Joe: That's right! It seems to be the way things break down in Portland. The indie-rock, Elliott Smith, Quasi thing and then, like us and the Dandys...
Rick Bain: I'm just not sad.
Joe: We just want to have a good time! I love Elliott Smith records, I think he's a great songwriter.
Rick Bain: I do, too, but I think Elliott Smith has more of an ego problem than Courtney Taylor ever could. Do we really give a shit about all that shit?
Joe: Some people do...
Exotic: What was the Dandys tour like? How far did you go?
Rick Bain: Physically? Courtney didn't touch me and I didn't touch him.
Exotic: Did the Dandys' crowd like you?
Rick Bain: Yeah, I think they did.
Eric: It was a nice challenge for us because we had a virgin audience to what we were doing and each night we had to win them over. It seems like we did that every night.

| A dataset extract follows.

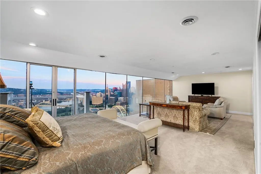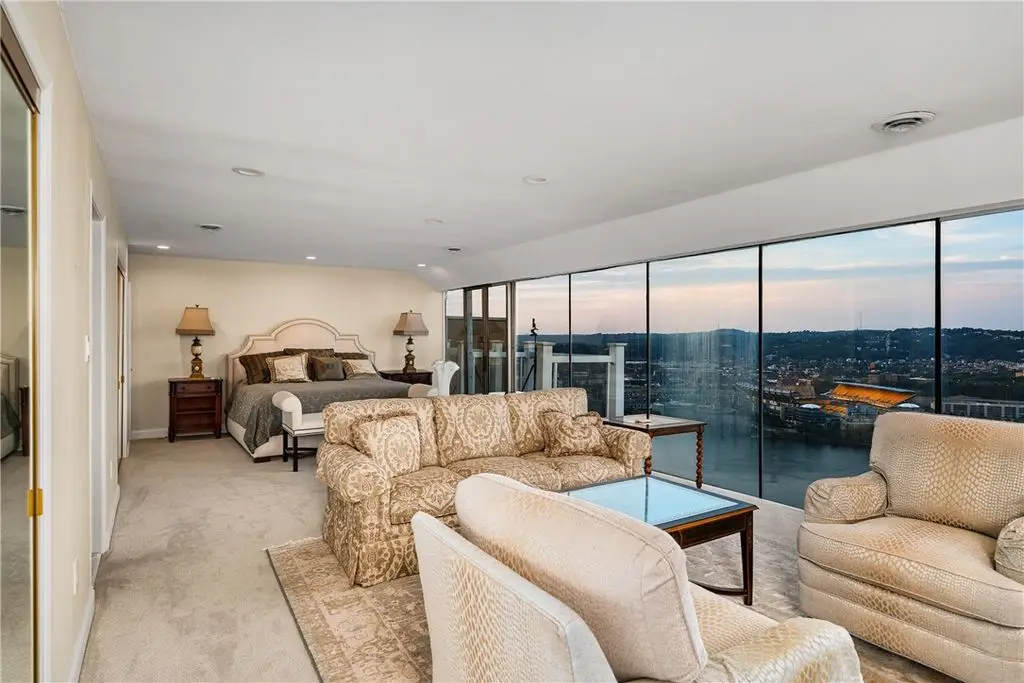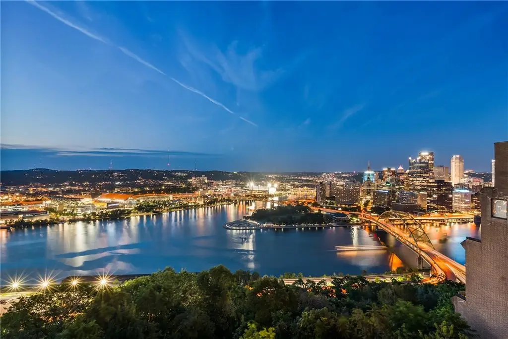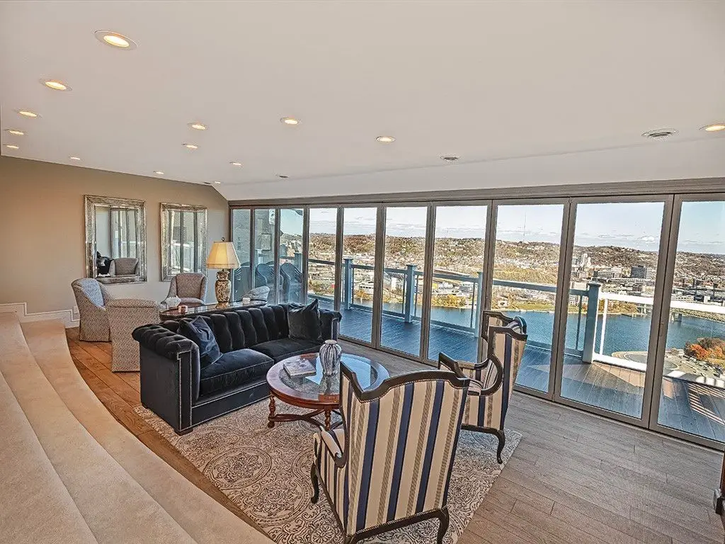 Experience luxury living in this stunning Mt. Washington condominium offering panoramic views of Pittsburgh's skyline, rivers, and stadiums. This spacious home features a sunken living room with floor-to-ceiling windows and balcony access, perfect for soaking in the cityscape. The open dining area flows into a fully equipped, step-saver kitchen. With three generously sized bedrooms - including a captive room ideal for a home office - and a luxurious primary suite with spa-like ensuite and private balcony, comfort meets elegance throughout. Enjoy the convenience of second-level laundry and an oversized car garage. Located just steps from the Incline, restaurants, and entertainment, this home offers a rare blend of peace, style, and city access. Wake up every day to million-dollar views and vacation-like living. Don't miss your chance to own this exceptional property on Grandview Avenue!

Exotic: Were you competitive with the Dandys? Did you try and blow them off the stage?
Eric: Every night! But it was friendly competition.
Joe: It was healthy. I think they played better with us opening for them. They're a great live band, but I think we gave them a run for their money.
Exotic: Did you get any girly action on the Dandys tour?
Michael: There was no time! We were always worried about getting to the next city on time.
Joe: We did better on our own tour. With the Dandys there was no time to hang
out and hook up.
Rick Bain: Well, in New York, Joe had two girls fighting over him.
Joe: I'll tell it! There was this one girl I really liked and I invited her to this party but she couldn't come. So I asked this other girl and made out a little bit and the other one showed up and I didn't know what to do. I really liked the first one a lot, so I kind of told the other one to go away.
Exotic: After making out with her?
Joe: Well, I didn't really tell her to leave, it's just that the first girl showed up and got
really mad and kind of made a scene.
Exotic: What
a stud! What's your next step career-wise?
Eric: To be heard of.
Joe: We're trying to book another U.S. tour in the same cities we were in with the Dandy Warhols. We're trying to get our label to really get behind it with publicity and radio support. We've been working backwards. We had no album distribution when we toured with the Dandys. We got our records done on the day we left!
Exotic: Do you spend a lot of time thinking about band style?
Rick Bain: Not as a band, but I think individually we do. We like to look good...
Joe: I think we've been wearing the same clothes the whole time. We don't have any money! I have one pair of jeans and one pair of corduroys!
Michael: There were a lot of reviews when we were a young band that focused on the clothes we wore and the clothes our fans wore instead of anything we played.
Exotic: Do you think your music is sexy? Do people get into the grooves in a
sexy way?
Rick Bain: We get a lot of that. I think our music is sexy. Music is great to make love to.
Eric: I like fucking to it.
Exotic: Beats the weather channel, I suppose. Now, when people say there are Beatles fans and Stones fans, they're talking about the Beatles representing a sort of idealized, starry-eyed love and the Stones being more about slipping out for a quick shag. Where do you guys fall in line?
Rick Bain: We're both. We're starry-eyed shaggers. I like the Stones, the whole
take it out to the van and shag thing, but I love every Beatles song. I can't say that about the Rolling Stones. Jagger could seduce a four-year-old girl, but could he put a tear in the eye of both the girl and her grandmother? John Lennon was a starry-eyed shagger.